*WHAT THIS TASK INVOLVES:* Your reply should reproduce all the data below exactly while excluding the pictures.

*DATASET CONTENT:*
*** Block opens ***
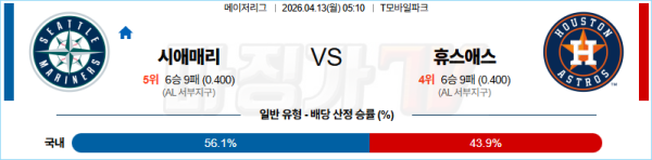 2026-04-13 MLB 시애틀 휴스턴 MLB분석 무료중계 스포츠분석
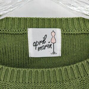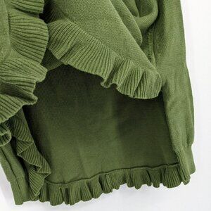 April Marin Poncho Sweater One Size Grassy Green Ruffle Trim Cotton Open Side
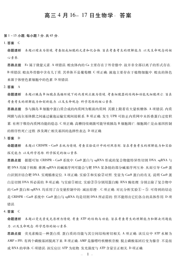 高三生物答案--安徽省合肥市第六中学等学校2026届高三4月联考
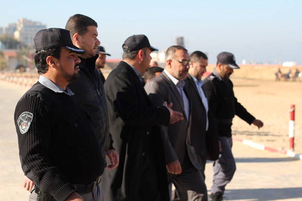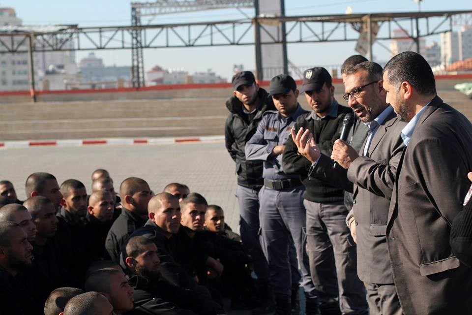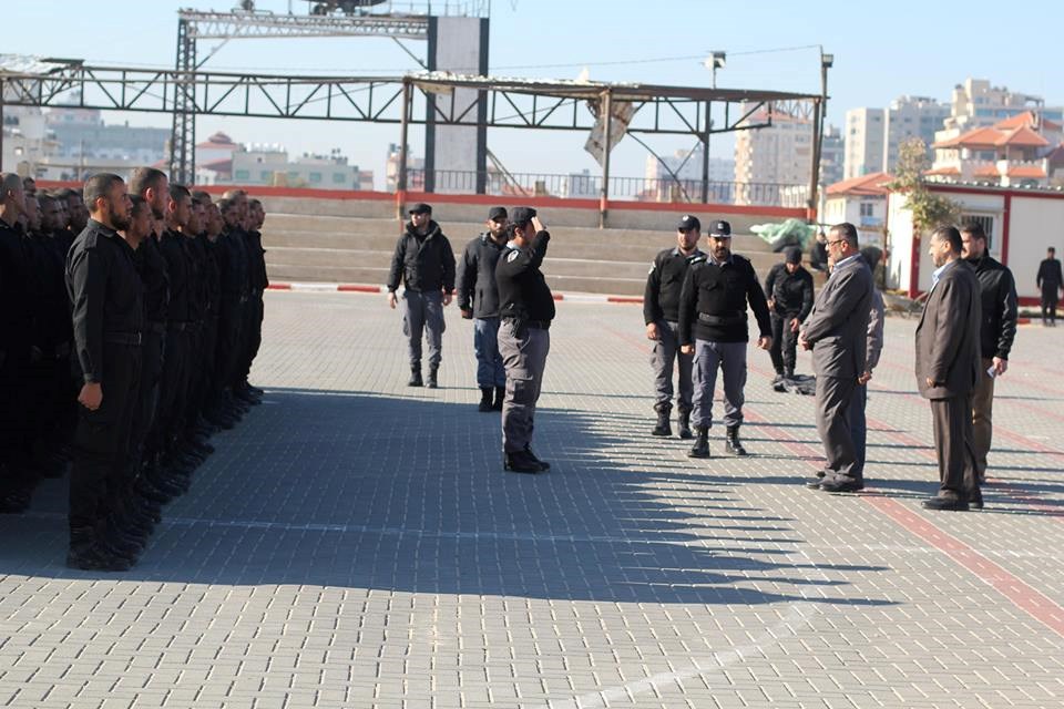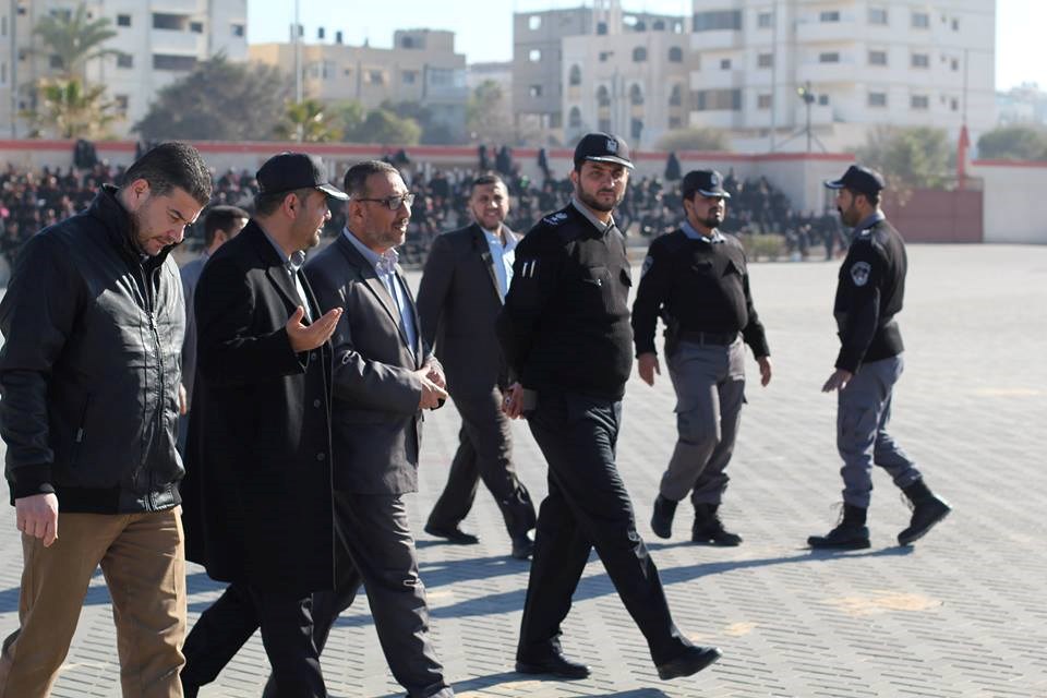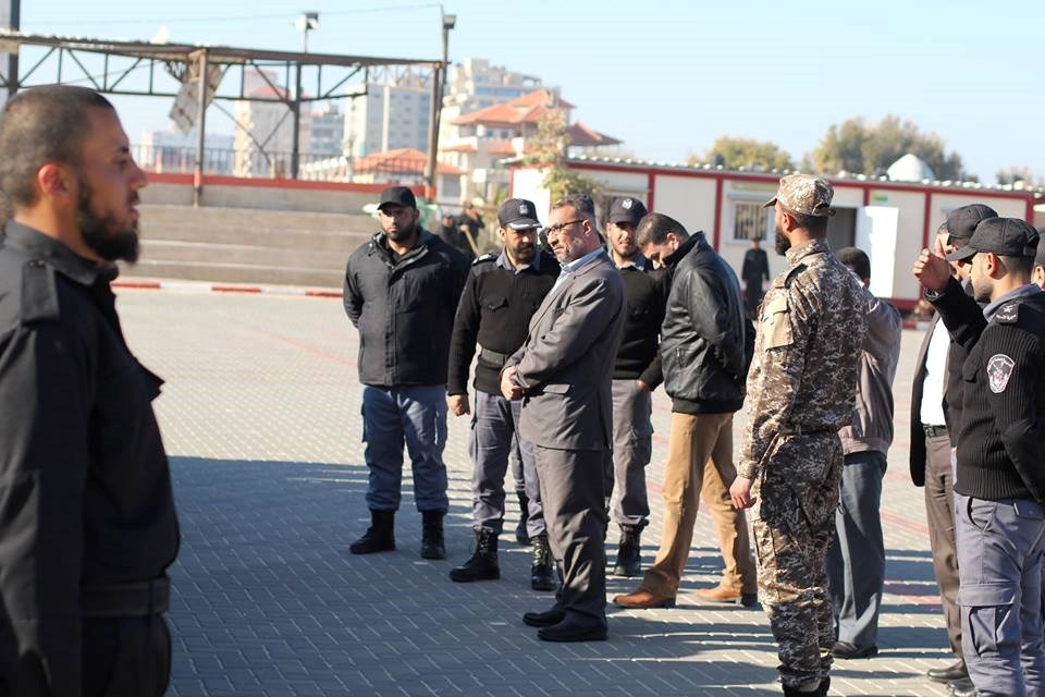 المراقب العام لوزارة الداخلية والأمن الوطني العميد محمد لافي وعدد من ضباط مكتب المراقب العام بغزة، أمس الثلاثلاء، مقر المديرية العامة للتدريب.
*** Block closes ***
*EXPECTED ANSWER:*
 2026-04-13 MLB 시애틀 휴스턴 MLB분석 무료중계 스포츠분석
 April Marin Poncho Sweater One Size Grassy Green Ruffle Trim Cotton Open Side
 高三生物答案--安徽省合肥市第六中学等学校2026届高三4月联考
 المراقب العام لوزارة الداخلية والأمن الوطني العميد محمد لافي وعدد من ضباط مكتب المراقب العام بغزة، أمس الثلاثلاء، مقر المديرية العامة للتدريب.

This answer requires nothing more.